Dataset records ::

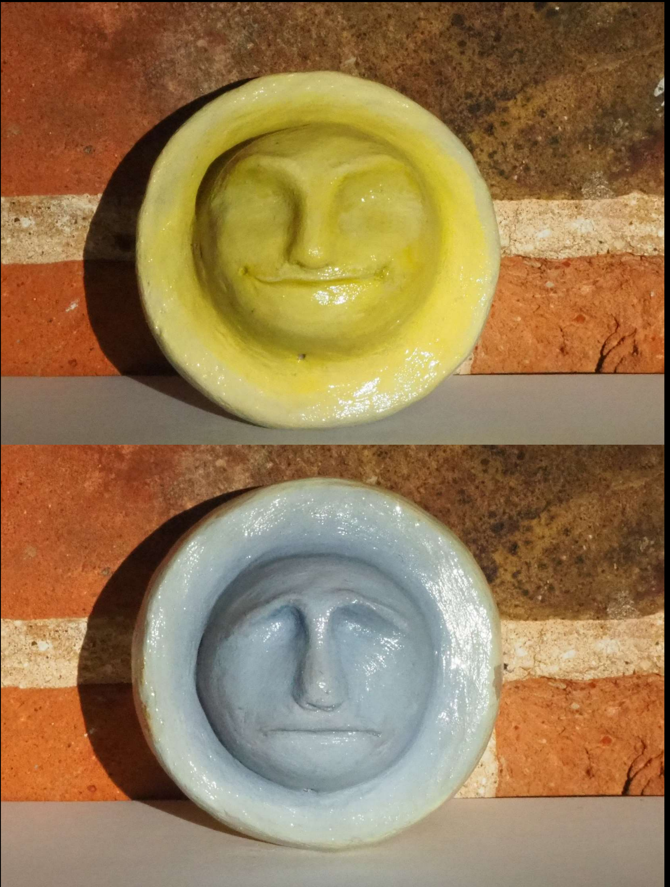
Sun and Moon , (2018), Rose Willis, Clay and acrylic paint, 10cmx10cm - This circular sculpture represents the cycles of the sun and moon, using themes associated with both to create a character for the two deities.
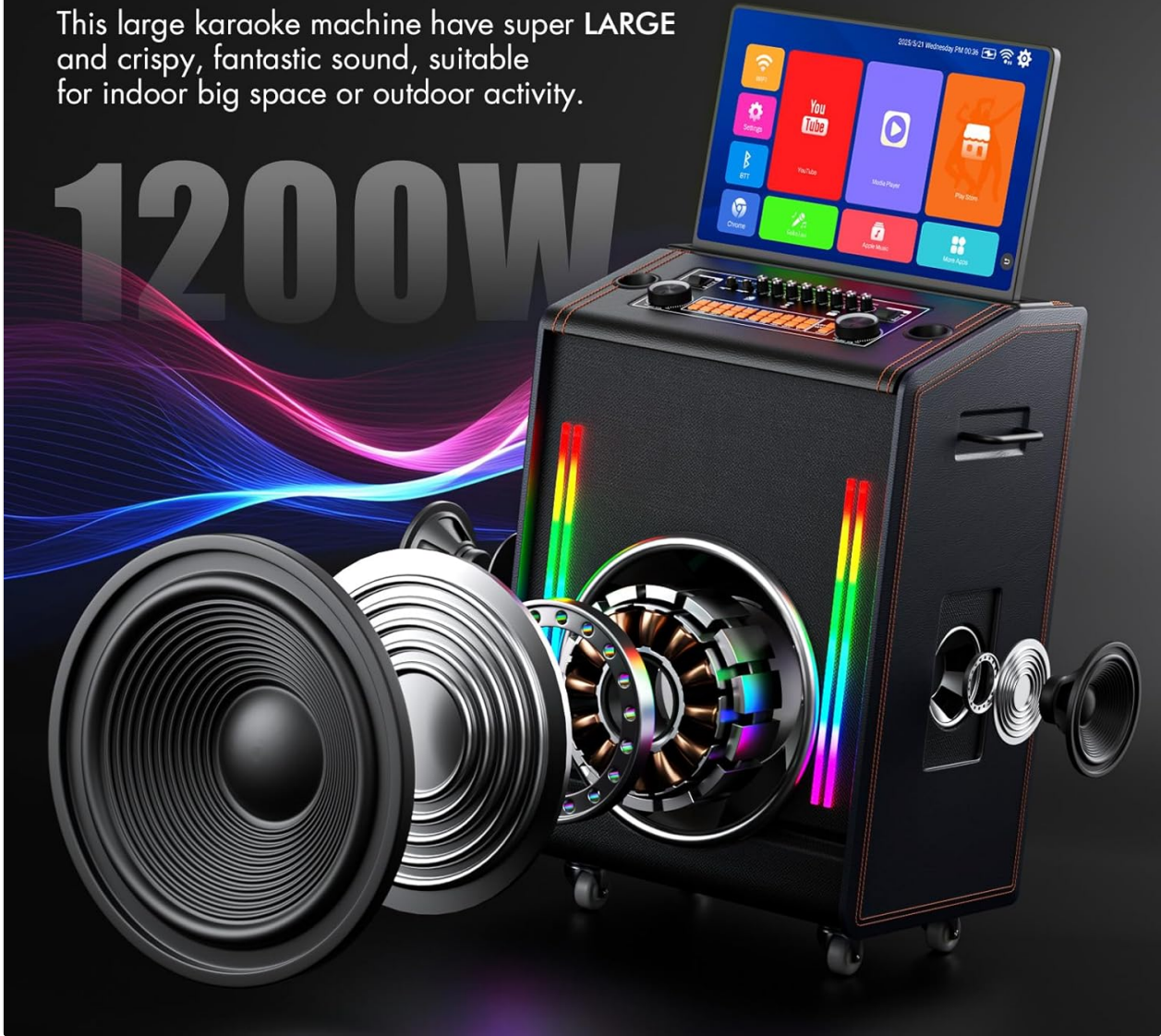
Image: An exploded view of the speaker components within the BENPAL D70, illustrating the powerful 12-inch bass speaker and other sound elements.
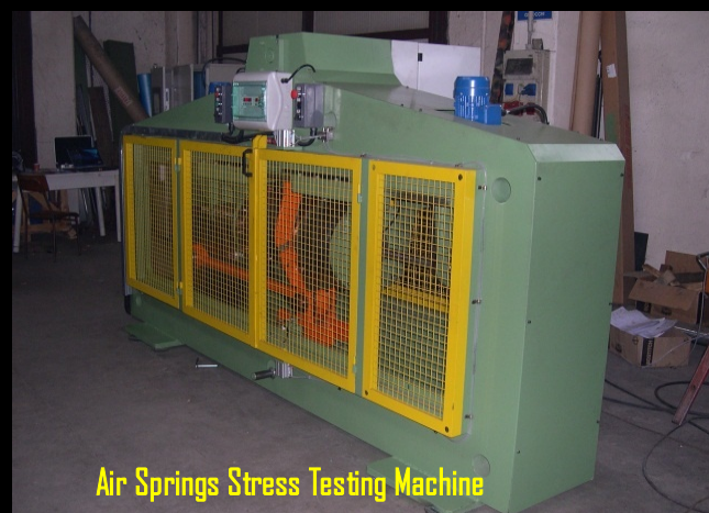
Air Springs Stress Testing Machine
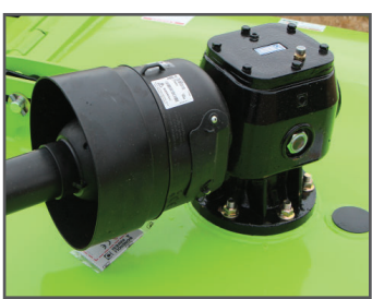
Gearbox Sight Glass

Solid laminated tires 20" or 26" • Forklift tires • 4, 6 or 8 tire options • Safety light kit • Pro Level hitch • Leveling rod (optional addition of second tension link) • 540 or 1000 RPM Drive package •
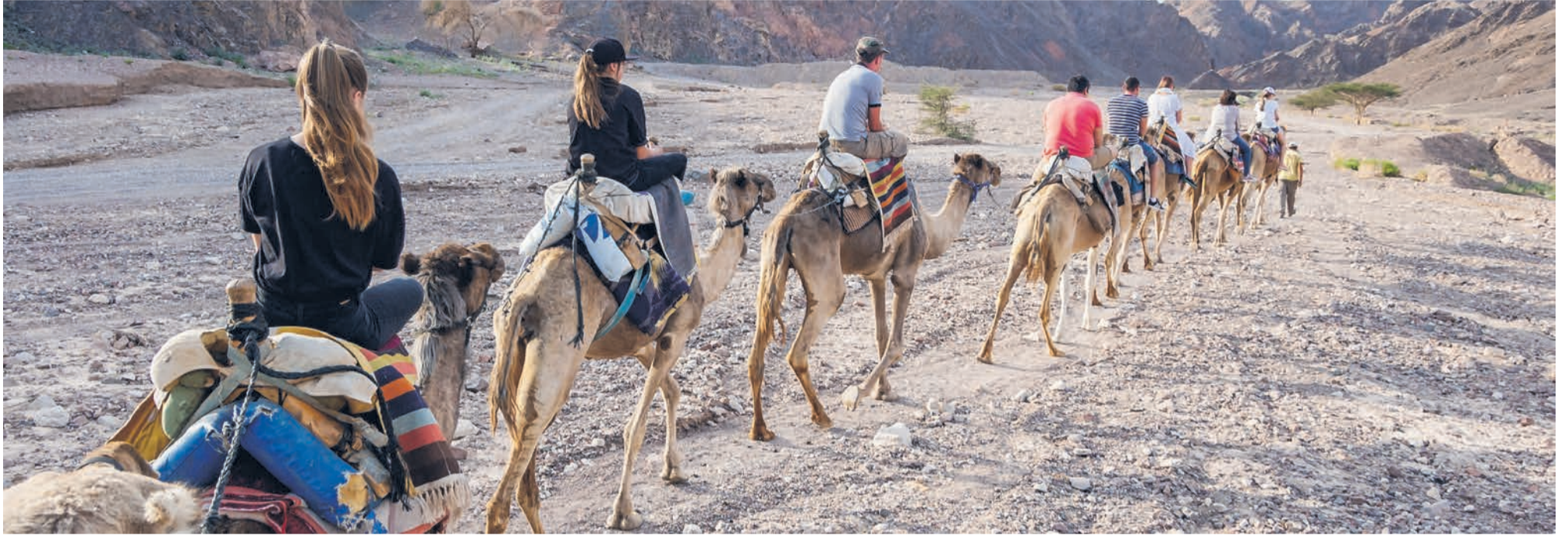
Caravan of camels with tourists walking in a row in Eilat Desert.
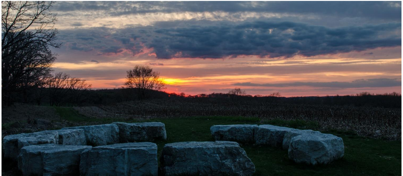
Autumn Sunset
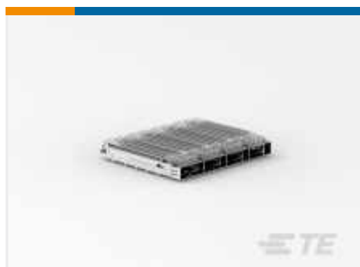
TE Part #4-2170747-1 CAGE ASSY, 1X4, QSFP28, SPRING, HS, LP
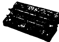
Series 2/3 Toner Cartridge HP/Apple/Canon Laser Printers #140195A
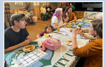
Former tree board members, volunteers, Division of Forestry urban foresters and others attended the celebration.
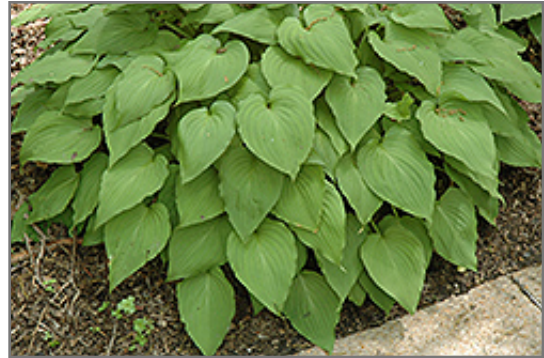
Tall Hosta foliage
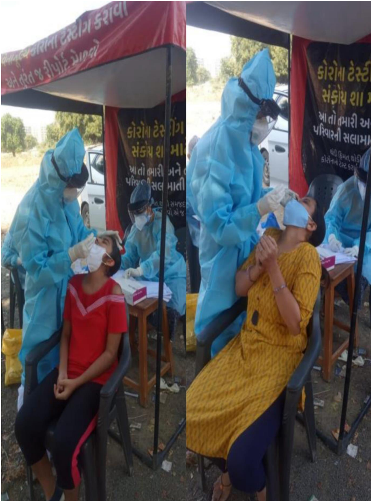
TESTING USING COVID ANTIGEN KIT
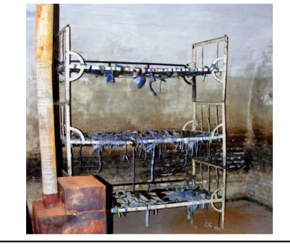
Prison cell with bunk-beds with no mattress, prisoners were obliged to sleep on. Stove for show only, never heated in cold winters.
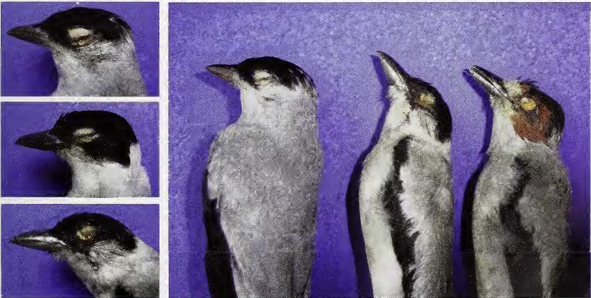
Figure 6 (left). Head views of the holotype of White-tailed Tityra T. leucura (top) and Black-crowned Tityra T. inquisitor pelzelni (middle) and T. i. albitorques (bottom) (E. Bauernfeind)
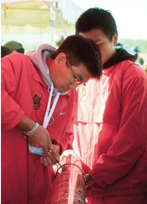
Students fine-tune their rocket at the April 5 launch.

Your instructions ::
The answer consists of the lines from the one holding "Tall Hosta foliage" to the end of the records, inclusive, restated exactly and without pictures.

Answer ::
Tall Hosta foliage
TESTING USING COVID ANTIGEN KIT
Prison cell with bunk-beds with no mattress, prisoners were obliged to sleep on. Stove for show only, never heated in cold winters.
Figure 6 (left). Head views of the holotype of White-tailed Tityra T. leucura (top) and Black-crowned Tityra T. inquisitor pelzelni (middle) and T. i. albitorques (bottom) (E. Bauernfeind)
Students fine-tune their rocket at the April 5 launch.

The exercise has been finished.